Each line of the data below should be restated exactly, with images left out.

◆ Collected data
- - - - -
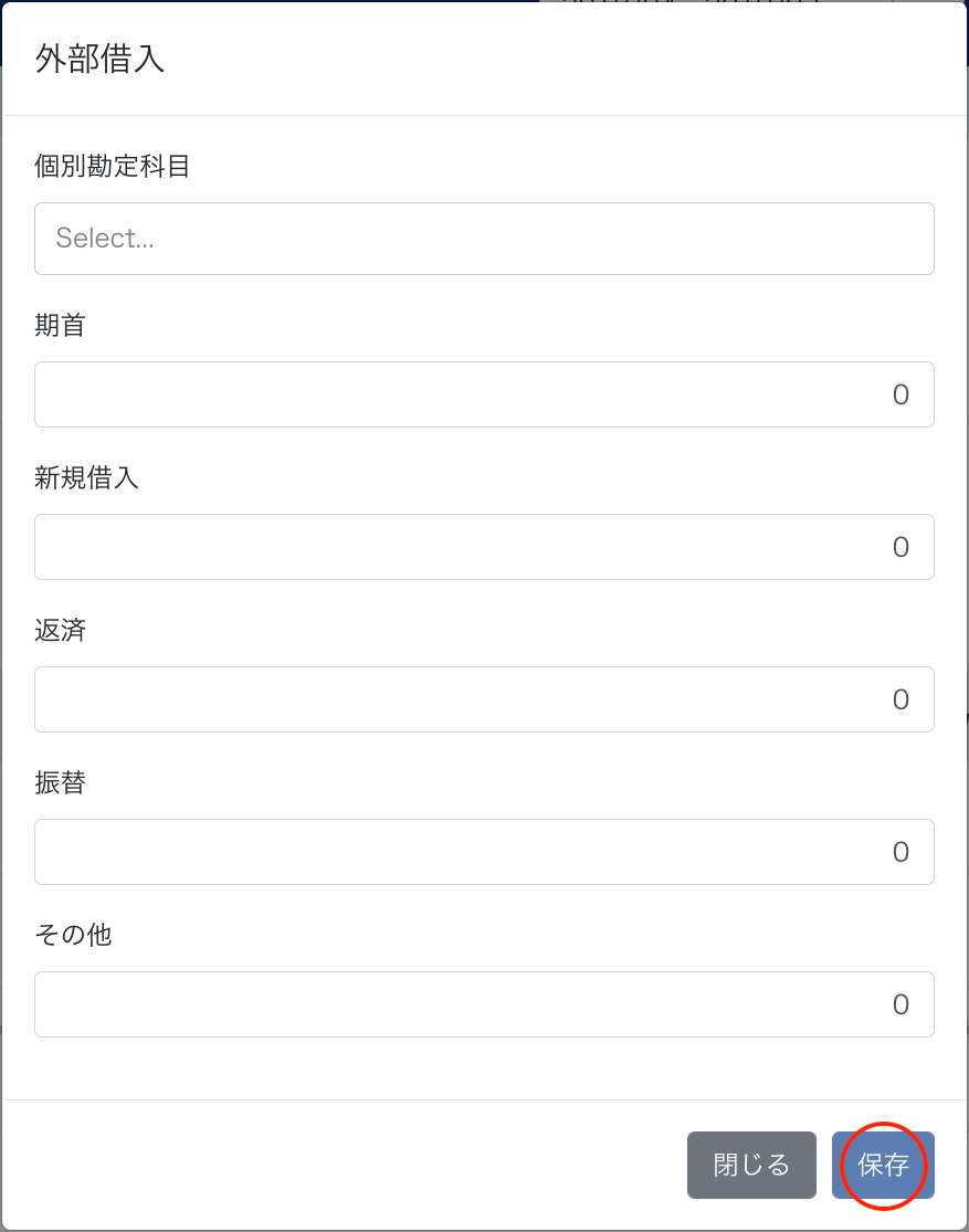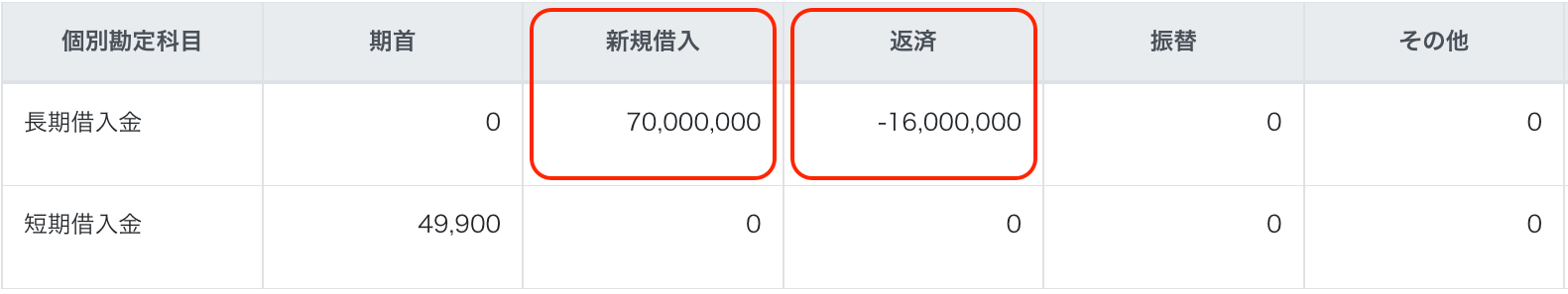 | (入力不要) | (個別勘定科目) | (期首残高) | (新規借入金額) | (返済金額) | (振替金額) | (その他金額) | (入力不要) | (期末残高) |
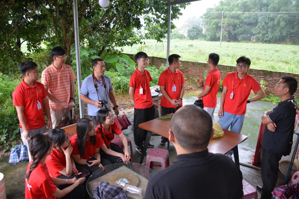 南粤连心筑梦队队员与长寿老人家属交谈(李鸿杰摄)
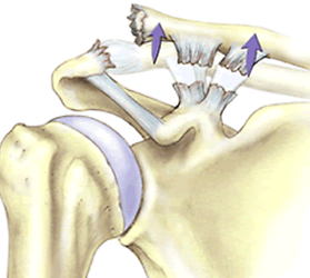 - Type 2: Scheur van het kapsel rond het AC-gewricht. Er is een lichte trapstand.
- - - - -
◆ Task response
 | (入力不要) | (個別勘定科目) | (期首残高) | (新規借入金額) | (返済金額) | (振替金額) | (その他金額) | (入力不要) | (期末残高) |
 南粤连心筑梦队队员与长寿老人家属交谈(李鸿杰摄)
 - Type 2: Scheur van het kapsel rond het AC-gewricht. Er is een lichte trapstand.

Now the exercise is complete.